=== Activity ===
Output, exactly as written, the lines below starting at the line containing "FACTS: • Correction" and ending at the line containing "25 - Karlovy". Drop the pictures and keep both end lines.

··· Extracted data ···

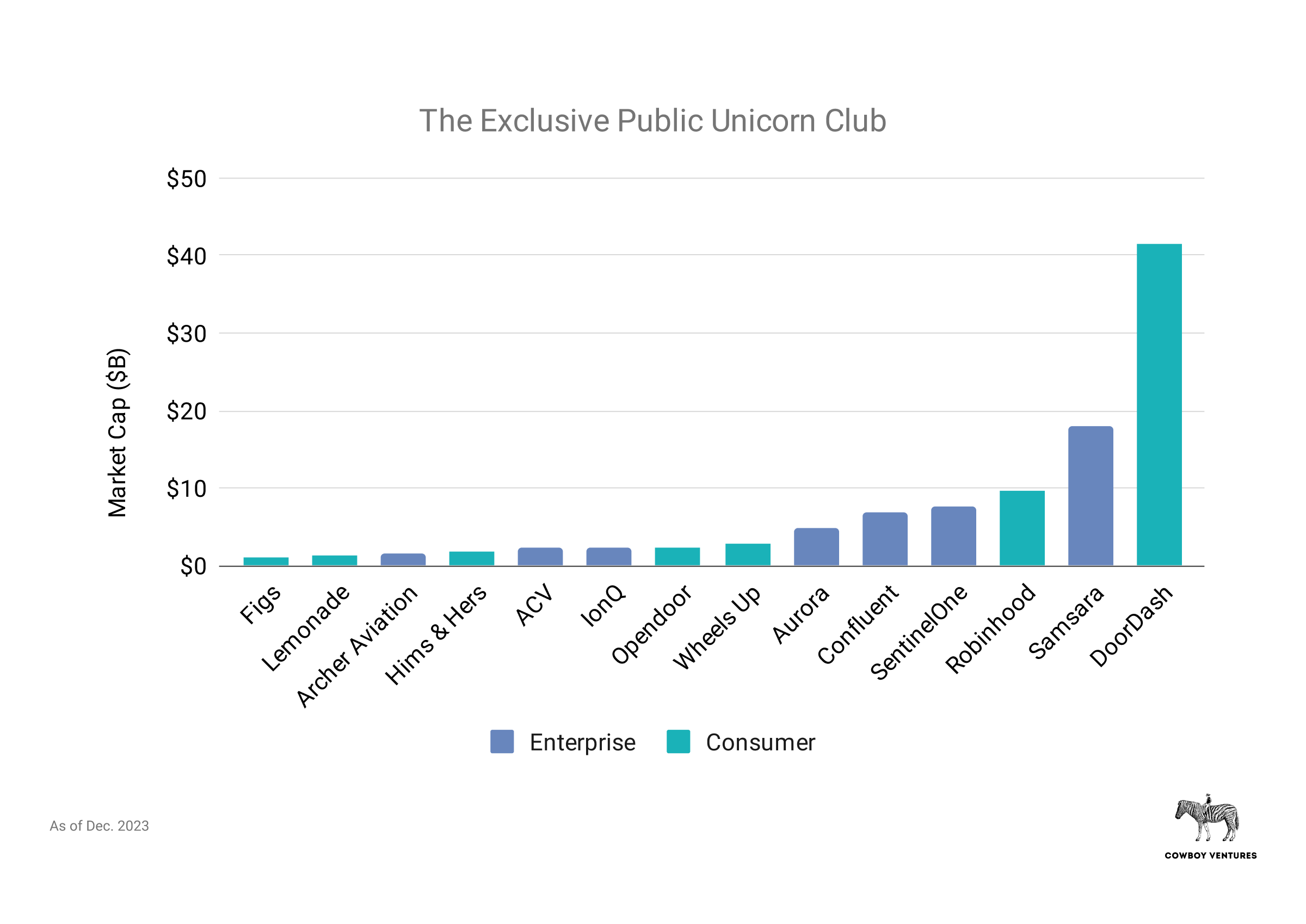 The public unicorn club is elite, with just 3% public compared to 41% going public the decade prior. That’s a huge change, partly driven by the availability of so much private capital and investors willing to invest in richer-than-public valuations in the last decade.
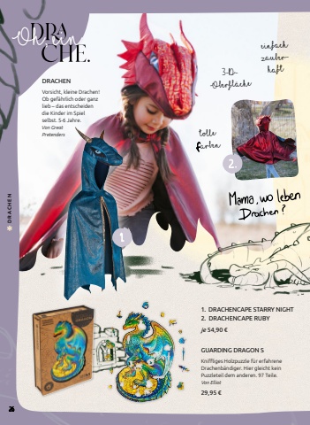 Oh, eintolle Farbeneinfachzauberhaft 3-DOberfl%u00e4cheGUARDING DRAGON S Kniffliges Holzpuzzle f%u00fcr erfahrene Drachenb%u00e4ndiger. Hier gleicht kein Puzzleteil dem anderen. 97 Teile. Von Elliot29,95 %u20acDRACHENVorsicht, kleine Drachen! Ob gef%u00e4hrlich oder ganz lieb %u2013 das entscheiden die Kinder im Spiel selbst. 5-6 Jahre. Von Great Pretenders1. DRACHENCAPE STARRY NIGHT2. DRACHENCAPE RUBYje 54,90 %u20ac2 .1.26DRACHEN
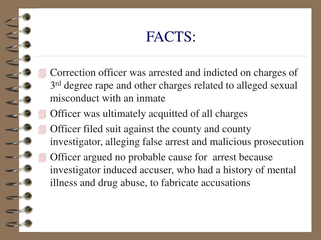 FACTS: • Correction officer was arrested and indicted on charges of 3rd degree rape and other charges related to alleged sexual misconduct with an inmate • Officer was ultimately acquitted of all charges • Officer filed suit against the county and county investigator, alleging false arrest and malicious prosecution • Officer argued no probable cause for arrest because investigator induced accuser, who had a history of mental illness and drug abuse, to fabricate accusations
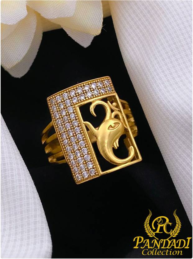 Gold Plated ring is made of brass. This ring is studded with american diamond. The model of the ring is made with extracare while designing which gives look of real diamond jewelry. The platting of metal is done by 18ct. gold. This ring has high end fashion design which has elegance and style that will add radiance to natural beauty of men. Thus, beautiful and contemprary Fashion Jewellery is made available at very reasonable prices to our valuable customers.This gold ring is a masterpiece of artistic craftsmanship and is stunning to look at.
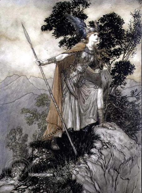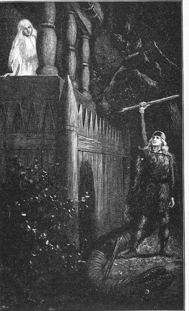 — Я поклала у битві Гьяльмґуннара, й тоді Одін вколов мене сонним шипом у помсту. Він сказав, що ніколи я не матиму перемоги тепер і мушу взяти шлюб. Та я собі постановила: ніхто мене не візьме за наречену, якщо хоч раз відчував страх20.21
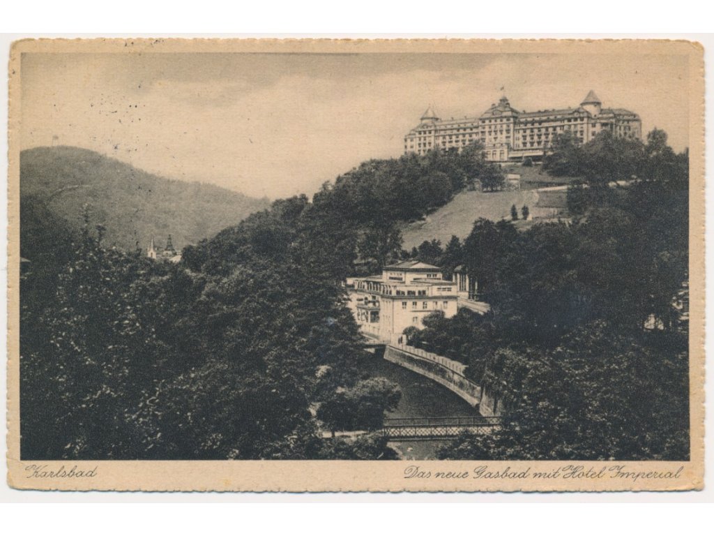 25 - Karlovy Vary (Karlsbad), pohled na lázně a hotel Imperial, cca 1929
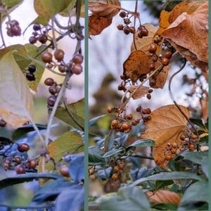 駐車場奥の南天に絡まったヘクソカズラ。10日余りで葉がすっかり茶色く、実の色も濃くなっているよう…。(左→右) 🏷ちっちゃいものクラブ …お願い致します。 🏷グリーンアクセサリー♪…も。リースの材料と云うことで…😅
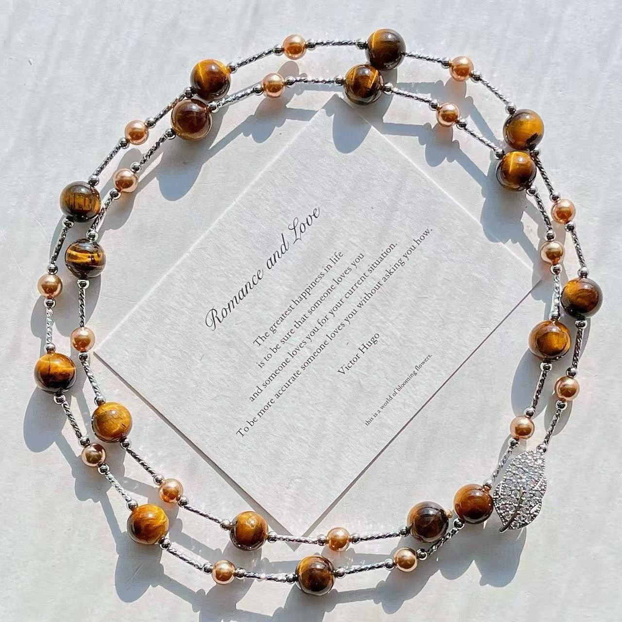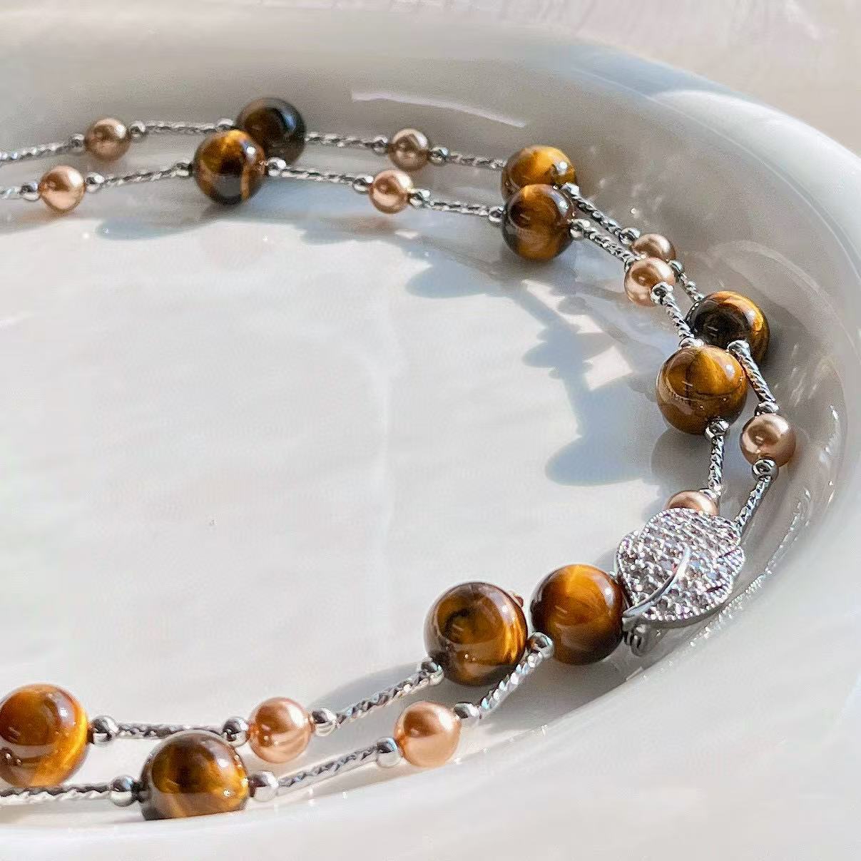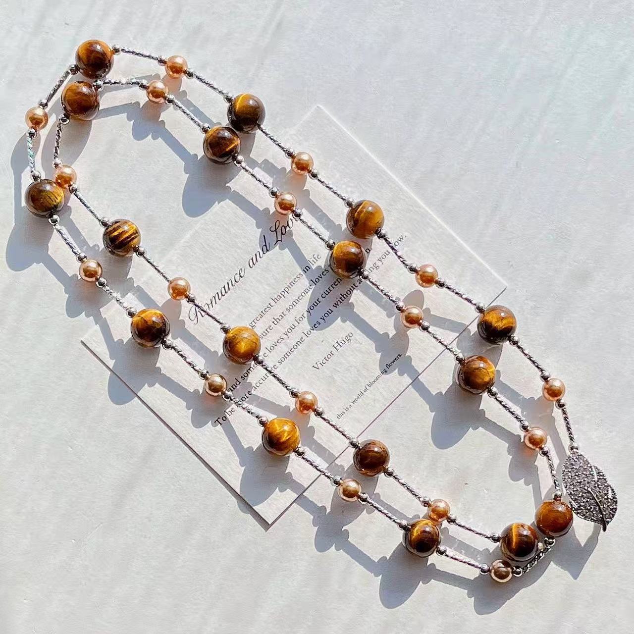 保真美拉德天然精品虎眼石仿大溪地珍珠多种戴法毛衣链锁骨链项链

···

=== Solution for this problem ===
 FACTS: • Correction officer was arrested and indicted on charges of 3rd degree rape and other charges related to alleged sexual misconduct with an inmate • Officer was ultimately acquitted of all charges • Officer filed suit against the county and county investigator, alleging false arrest and malicious prosecution • Officer argued no probable cause for arrest because investigator induced accuser, who had a history of mental illness and drug abuse, to fabricate accusations
 Gold Plated ring is made of brass. This ring is studded with american diamond. The model of the ring is made with extracare while designing which gives look of real diamond jewelry. The platting of metal is done by 18ct. gold. This ring has high end fashion design which has elegance and style that will add radiance to natural beauty of men. Thus, beautiful and contemprary Fashion Jewellery is made available at very reasonable prices to our valuable customers.This gold ring is a masterpiece of artistic craftsmanship and is stunning to look at.
 — Я поклала у битві Гьяльмґуннара, й тоді Одін вколов мене сонним шипом у помсту. Він сказав, що ніколи я не матиму перемоги тепер і мушу взяти шлюб. Та я собі постановила: ніхто мене не візьме за наречену, якщо хоч раз відчував страх20.21
 25 - Karlovy Vary (Karlsbad), pohled na lázně a hotel Imperial, cca 1929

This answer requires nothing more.